Softmax function

The softmax function also referred to as softargmax:184 or normalized exponential, 198 may be a generalization of the logistic function to multiple dimensions.

$$value=1$$ $$value=2$$ $$value=3$$ $$value=4$$ $$value=5$$


$$0.01165623095604$$ $$0.031684920796124$$ $$0.086128544436269$$ $$0.23412165725274$$ $$0.63640864655883$$


$$\normalsize Softmax\ function\ \sigma (\bf z \rm)_{j}$$ $$\\ \sigma (\bf z \rm)_{j} = \Large \frac{e^{z_{j}} }{\displaystyle \sum_{k=1}^{K} e^{z_{k}} } \normalsize \hspace{3px} for\ j = 1,\cdots, K.$$

What is softmax function?

The softmax function also referred to as softargmax:184 or normalized exponential, 198 may be a generalization of the logistic function to multiple dimensions.
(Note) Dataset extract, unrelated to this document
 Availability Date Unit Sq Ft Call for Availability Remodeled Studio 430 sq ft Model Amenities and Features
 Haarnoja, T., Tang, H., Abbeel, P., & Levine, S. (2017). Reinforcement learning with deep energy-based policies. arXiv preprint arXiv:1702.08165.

It utilized in multinomial logistic regression and is usually used because the last activation function of a neural network to normalize the output of a network to a probability distribution over predicted output classes supported Luce's choice axiom.

The softmax function takes as input a vector z of K real numbers and normalizes it into a probability distribution consisting of K probabilities proportional to the exponentials of the input numbers. That is, before applying softmax, some vector components might be negative, or greater than one; and won't sum to 1; but after applying softmax, each component are going to be within the interval {\displaystyle (0,1)}(0,1), and therefore the components will add up to 1, in order that they will be interpreted as probabilities. Furthermore, the larger input components will correspond to larger probabilities.
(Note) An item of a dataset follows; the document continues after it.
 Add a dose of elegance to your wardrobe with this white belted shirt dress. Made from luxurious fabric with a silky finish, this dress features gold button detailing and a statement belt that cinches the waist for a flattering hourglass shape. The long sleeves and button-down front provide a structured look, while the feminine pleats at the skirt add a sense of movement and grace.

The standard (unit) softmax function is defined by the formula

In words: we apply the quality exponential to every element of the input vector and normalize these values by dividing by the sum of these exponentials; this normalization ensures that the sum of the components of the output vector is 1.

Instead of e, a special base b > 0 is often used; choosing a bigger value of b will create a probability distribution that's more concentrated around the positions of the most important input values. Writing  yields the expressions:

In some fields, the bottom is fixed, like a hard and fast scale, while in others the parameter β is varied.